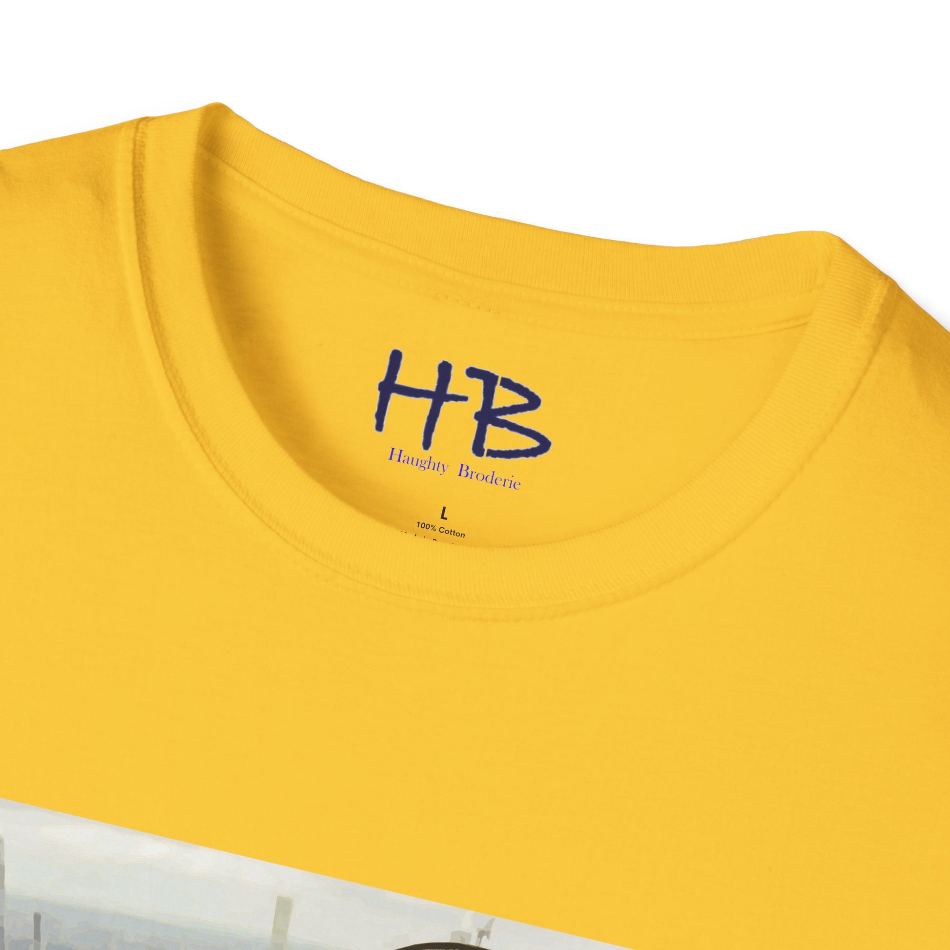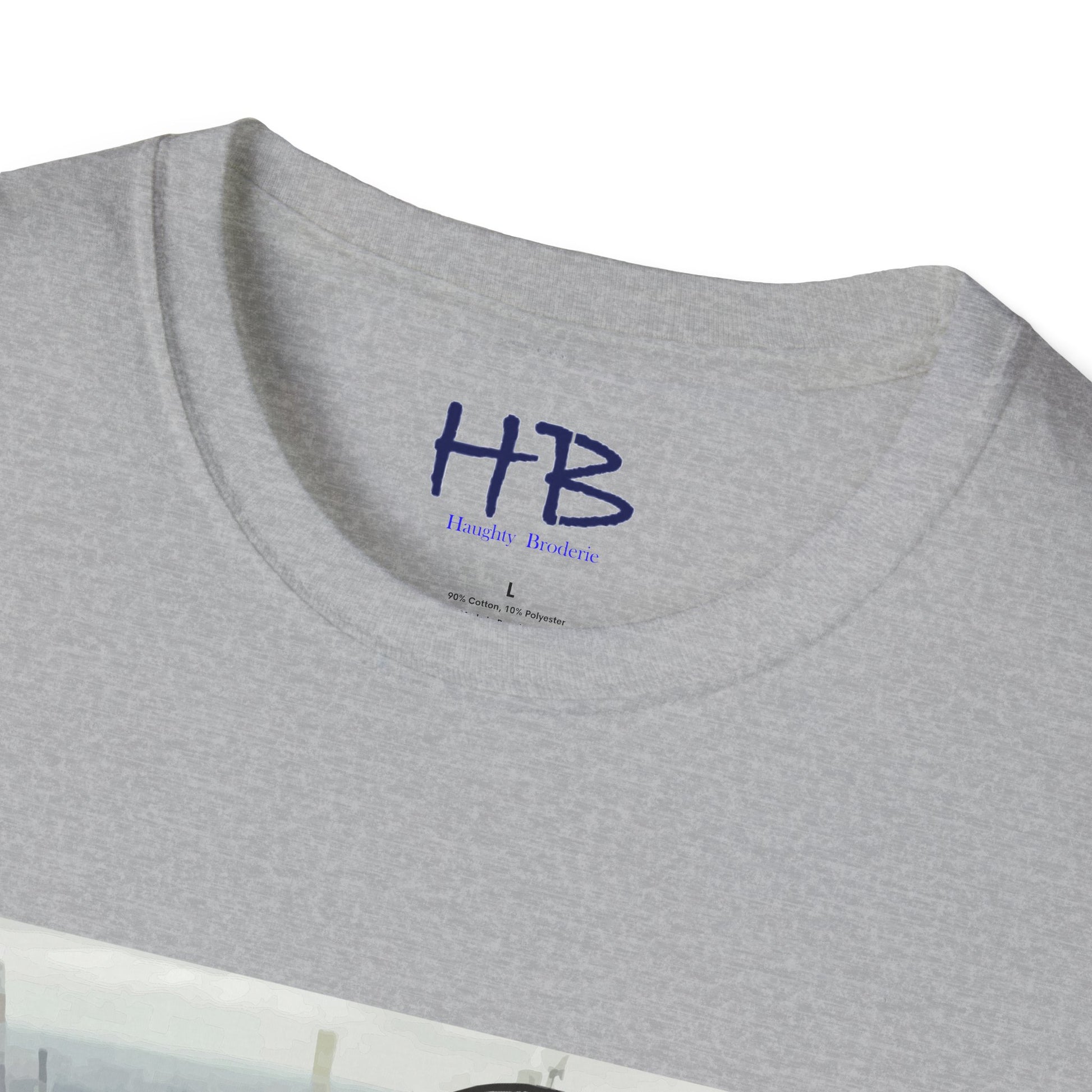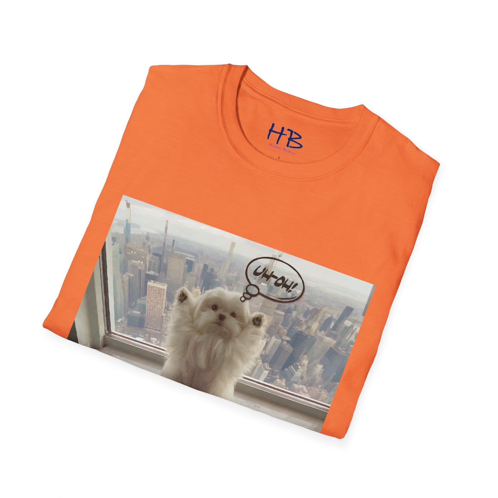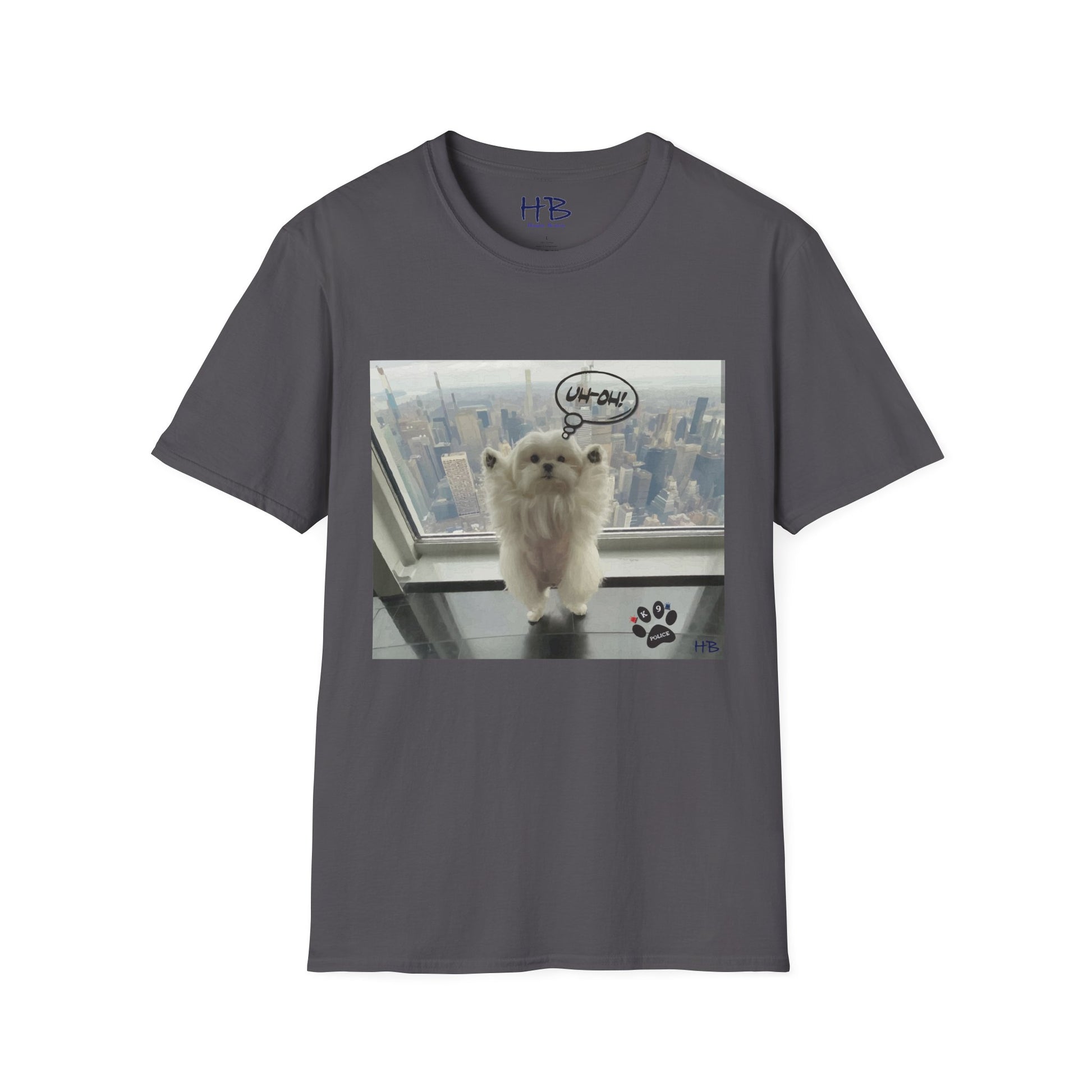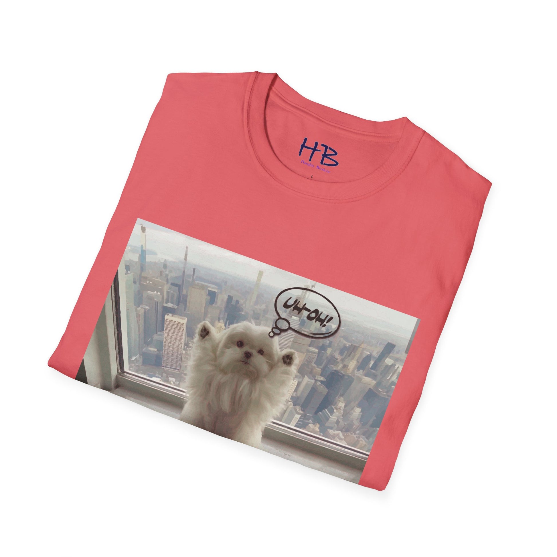 This tee showcases an adorable pup standing on his hind legs with his front paws raised in the air, as if in trouble with the police. The pup is set against a stunning backdrop of towering skyscrapers, indicating that he's in a penthouse.
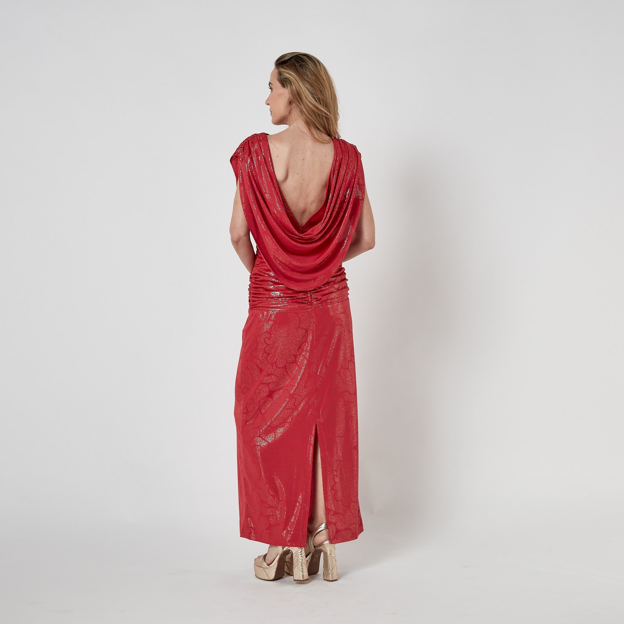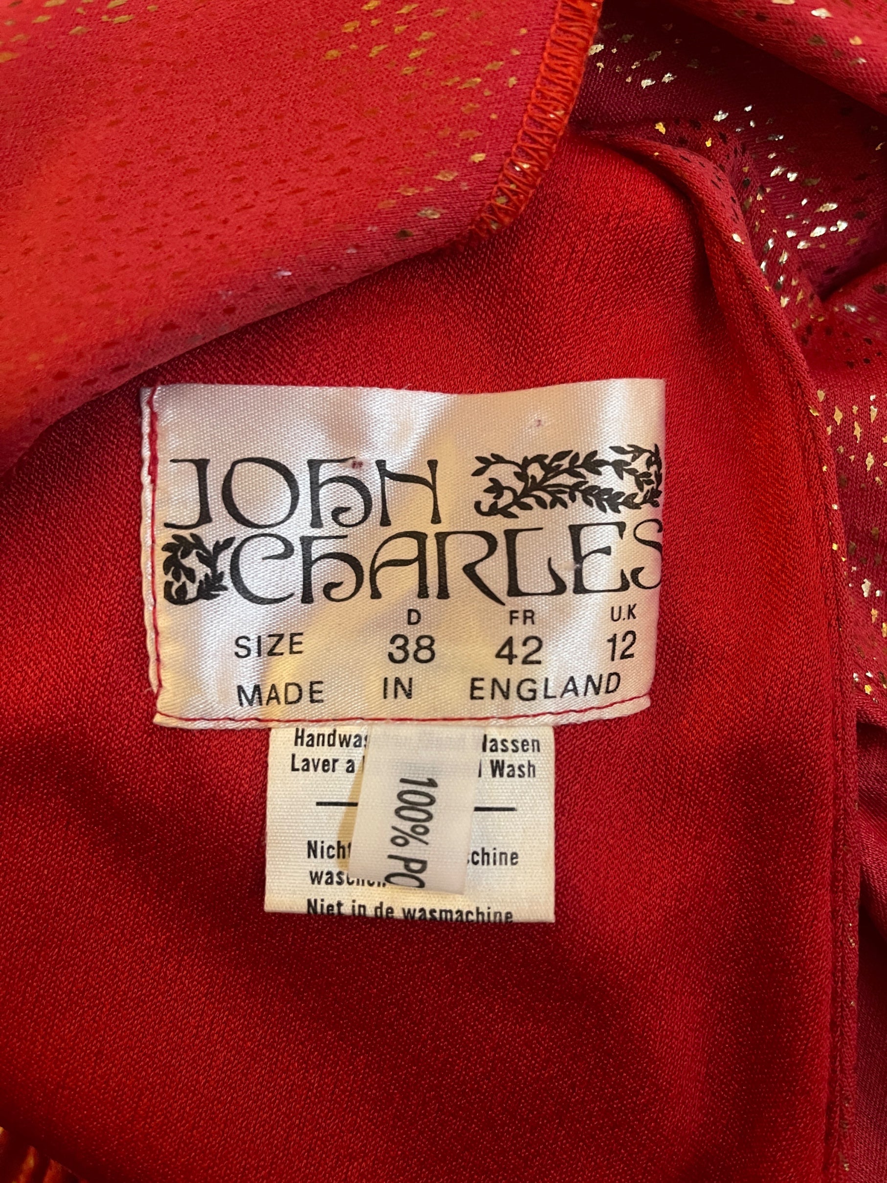 This is a great example of 1980s evening wear by John Charles. Founded by designer Cherry Price in 1958, the brand became known for its OTT party dresses and occasion wear throughout the 1970s and 1980s. True to form, this dress is tailored from high-octane red jersey detailed with flecks of gold lamé. The front is generously cut from swathes of fabric, with a slash-neck and sleeveless silhouette. The fabric at the front gives way to a sensuously low-cut back finished with a cape-like panel of fabric. The waistband is wide and ruched, cinching the flowing fabric. The skirt is cut straight and falls to the ankle, broken only by a slit at the back. The dress is lined in matte red jersey. It fastens at the centre back with a hidden tonal zip.
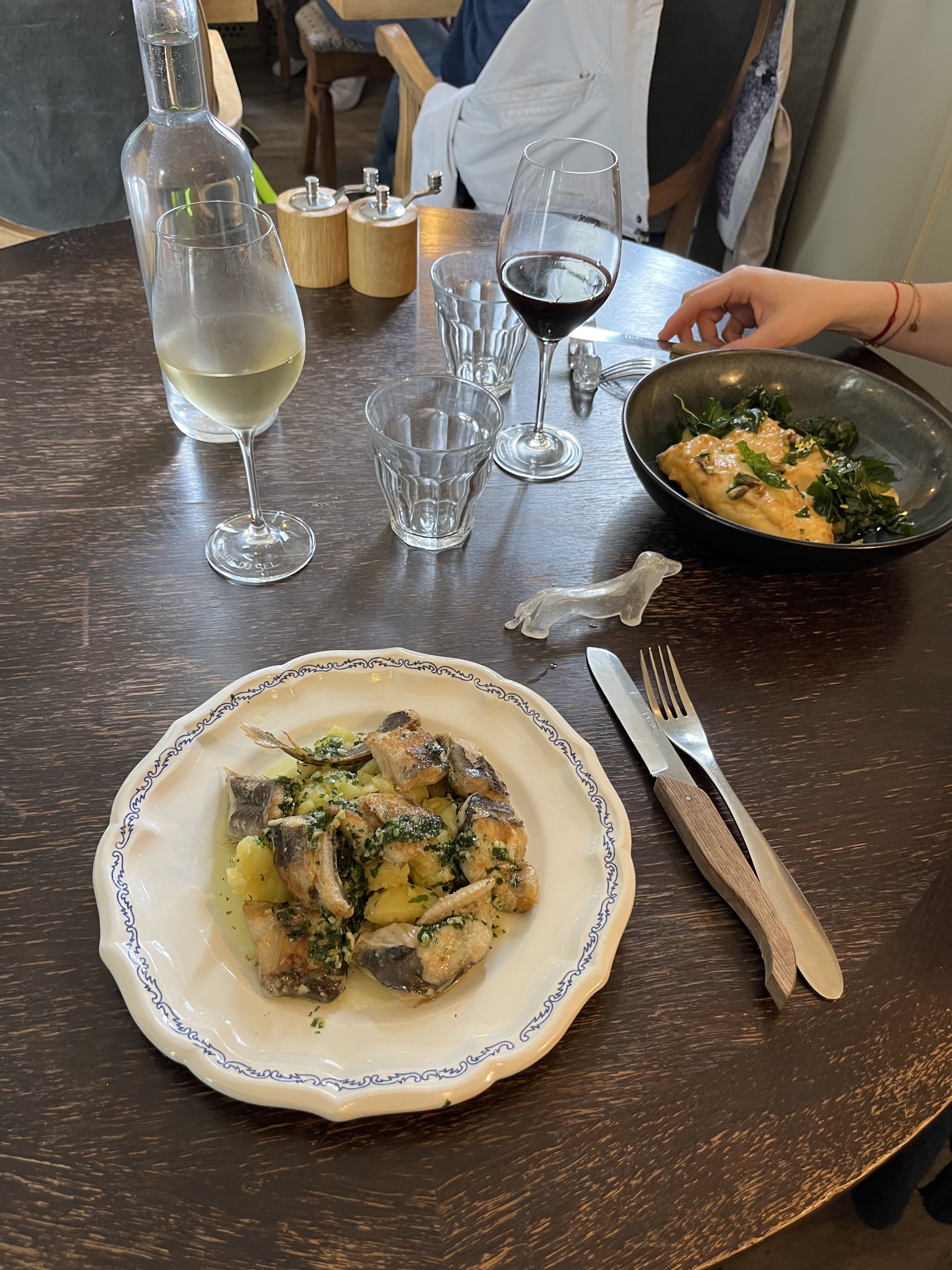 A 12h35, le seul plat de poisson frais, à l'ardoise du menu, n'est plus servi. Le serveur indique que la cuisine en prépare moins d'une quinzaine d'assiettes !!! Après, obligés de se replier sur des sardines grillées et des confits de canards (un rien secs) De plus, le service est assez long entre les plats ce qui n'est pas le plus grave. Comme vu sur d'autres commentaires, petit doute sur le fait maison
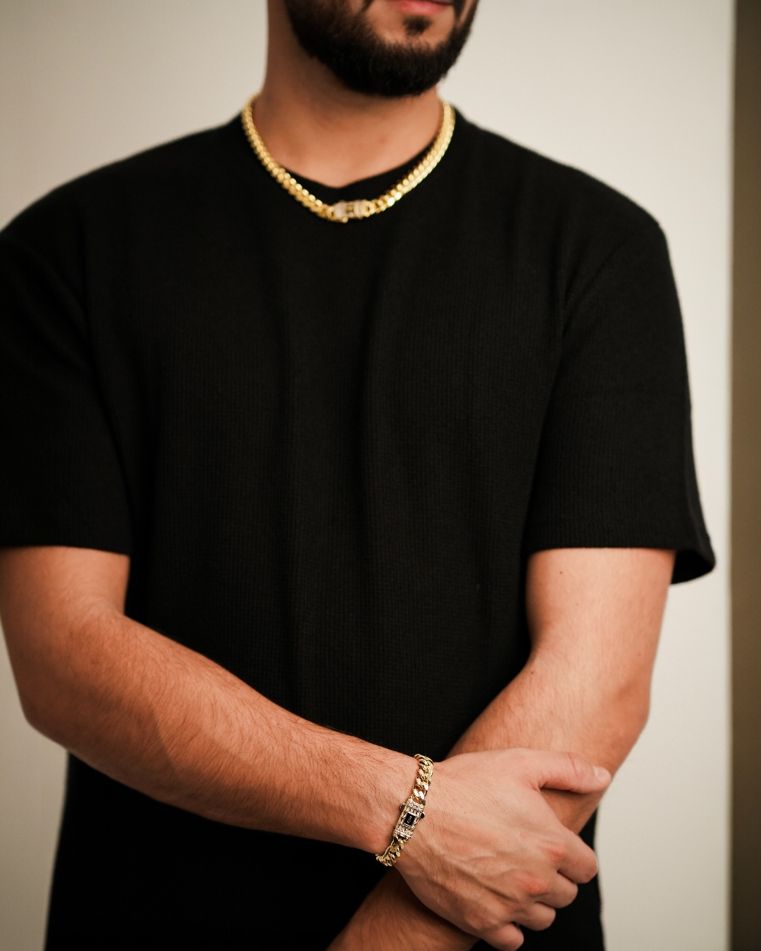 Format din colier și brățară de tip cuban, setul impresionează prin zale groase, bine definite, și finisajul auriu strălucitor. Realizat din oțel inoxidabil placat cu aur, Cuban Cielo garantează durabilitate, rezistență la uzură și menținerea aspectului impecabil în timp. Sistemele de închidere sunt solide, sigure și decorate discret, adăugând un plus de lux.
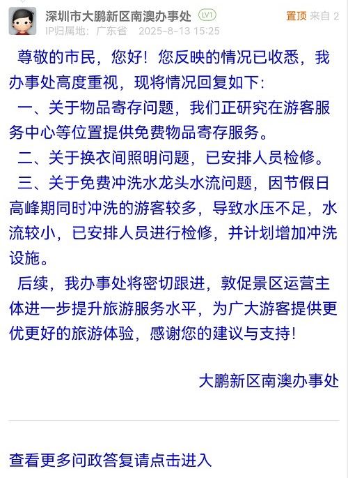 三、關(guān)于免費沖洗水龍頭水流問題,因節(jié)假日高峰期同時沖洗的游客較多,導(dǎo)致水壓不足,水流較小,已安排人員進行檢修,并計劃增加沖洗設(shè)施。
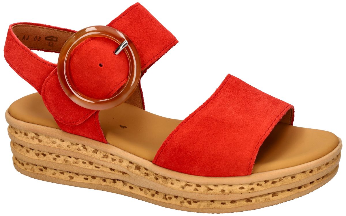 Gabor 84.550.15 Sandalen Stijlvolle Plateauzool Sandalen in Dreamvelour chilli. De Gabor 84.550.15 dames sandalen in zacht fel rood velour zijn prachtig! Deze sandalen combineren uitmuntend comfort met een opvallend hippe uitstraling. De vurige rode upper straalt luxe uit, terwijl de brede klittenbandsluiting aan de enkel zorgt voor een perfecte pasvorm en eenvoudig aan- en uittrekken. De grote ringvormige gesp is decoratief en voegt een chique detail toe. Comfort & Pasvorm : Gabor "Best Fitting" F-wijdte leest – voor fijne tot gemiddelde voeten maar toch met meer ruimte voor de bal van de voet voor extra comfort . Met leder bekleed voetbed – zacht en ademend voor langdurig draagplezier . Brede klittenbandsluiting – verstelbaar voor een gepersonaliseerde pasvorm . Uitzonderlijk licht gewicht – ideaal voor dagelijks gebruik zonder vermoeide voeten. Unieke Plateauzool met Stijlvolle Details . Dikke plateauzool van 2 cm tot 4 cm – subtiele verhoging voor een vrouwelijke uitstraling. Originele zool met uitgefreesde lijnen in kurk-look – een speels en modern designelement . Uitmuntende grip en flexibiliteit – perfect voor comfort en stabiliteit bij elke stap. Elegant & Trendy: De Gabor 64.550.15 sandalen laten elke vrouw stralen met elegantie en stijl. Dankzij de vurige fel rode kleur en verfijnde details passen ze perfect bij zowel casual als chique zomerse outfits. Draag ze met een lichte jurk, een stijlvolle rok of een jeans voor een eigentijdse look. Kies voor Gabor's hoogwaardige afwerking, ongeëvenaard comfort en modieuze uitstraling met deze trendy plateauzool sandalen! Gabor sandalen vindt men in onze schoenenwinkel regio Aalst, Ninove, Geraardsbergen of kan men online bestellen op onze webshop. OOK ANDERE MATEN KUNNEN BESTELD WORDEN ! van maat 35 tot 44 halve maten inclusief!

-*-

▸ **Activity**
Restate the full listing word for word, excluding images.

▸ **Solved problem**
 This tee showcases an adorable pup standing on his hind legs with his front paws raised in the air, as if in trouble with the police. The pup is set against a stunning backdrop of towering skyscrapers, indicating that he's in a penthouse.
 This is a great example of 1980s evening wear by John Charles. Founded by designer Cherry Price in 1958, the brand became known for its OTT party dresses and occasion wear throughout the 1970s and 1980s. True to form, this dress is tailored from high-octane red jersey detailed with flecks of gold lamé. The front is generously cut from swathes of fabric, with a slash-neck and sleeveless silhouette. The fabric at the front gives way to a sensuously low-cut back finished with a cape-like panel of fabric. The waistband is wide and ruched, cinching the flowing fabric. The skirt is cut straight and falls to the ankle, broken only by a slit at the back. The dress is lined in matte red jersey. It fastens at the centre back with a hidden tonal zip.
 A 12h35, le seul plat de poisson frais, à l'ardoise du menu, n'est plus servi. Le serveur indique que la cuisine en prépare moins d'une quinzaine d'assiettes !!! Après, obligés de se replier sur des sardines grillées et des confits de canards (un rien secs) De plus, le service est assez long entre les plats ce qui n'est pas le plus grave. Comme vu sur d'autres commentaires, petit doute sur le fait maison
 Format din colier și brățară de tip cuban, setul impresionează prin zale groase, bine definite, și finisajul auriu strălucitor. Realizat din oțel inoxidabil placat cu aur, Cuban Cielo garantează durabilitate, rezistență la uzură și menținerea aspectului impecabil în timp. Sistemele de închidere sunt solide, sigure și decorate discret, adăugând un plus de lux.
 三、關(guān)于免費沖洗水龍頭水流問題,因節(jié)假日高峰期同時沖洗的游客較多,導(dǎo)致水壓不足,水流較小,已安排人員進行檢修,并計劃增加沖洗設(shè)施。
 Gabor 84.550.15 Sandalen Stijlvolle Plateauzool Sandalen in Dreamvelour chilli. De Gabor 84.550.15 dames sandalen in zacht fel rood velour zijn prachtig! Deze sandalen combineren uitmuntend comfort met een opvallend hippe uitstraling. De vurige rode upper straalt luxe uit, terwijl de brede klittenbandsluiting aan de enkel zorgt voor een perfecte pasvorm en eenvoudig aan- en uittrekken. De grote ringvormige gesp is decoratief en voegt een chique detail toe. Comfort & Pasvorm : Gabor "Best Fitting" F-wijdte leest – voor fijne tot gemiddelde voeten maar toch met meer ruimte voor de bal van de voet voor extra comfort . Met leder bekleed voetbed – zacht en ademend voor langdurig draagplezier . Brede klittenbandsluiting – verstelbaar voor een gepersonaliseerde pasvorm . Uitzonderlijk licht gewicht – ideaal voor dagelijks gebruik zonder vermoeide voeten. Unieke Plateauzool met Stijlvolle Details . Dikke plateauzool van 2 cm tot 4 cm – subtiele verhoging voor een vrouwelijke uitstraling. Originele zool met uitgefreesde lijnen in kurk-look – een speels en modern designelement . Uitmuntende grip en flexibiliteit – perfect voor comfort en stabiliteit bij elke stap. Elegant & Trendy: De Gabor 64.550.15 sandalen laten elke vrouw stralen met elegantie en stijl. Dankzij de vurige fel rode kleur en verfijnde details passen ze perfect bij zowel casual als chique zomerse outfits. Draag ze met een lichte jurk, een stijlvolle rok of een jeans voor een eigentijdse look. Kies voor Gabor's hoogwaardige afwerking, ongeëvenaard comfort en modieuze uitstraling met deze trendy plateauzool sandalen! Gabor sandalen vindt men in onze schoenenwinkel regio Aalst, Ninove, Geraardsbergen of kan men online bestellen op onze webshop. OOK ANDERE MATEN KUNNEN BESTELD WORDEN ! van maat 35 tot 44 halve maten inclusief!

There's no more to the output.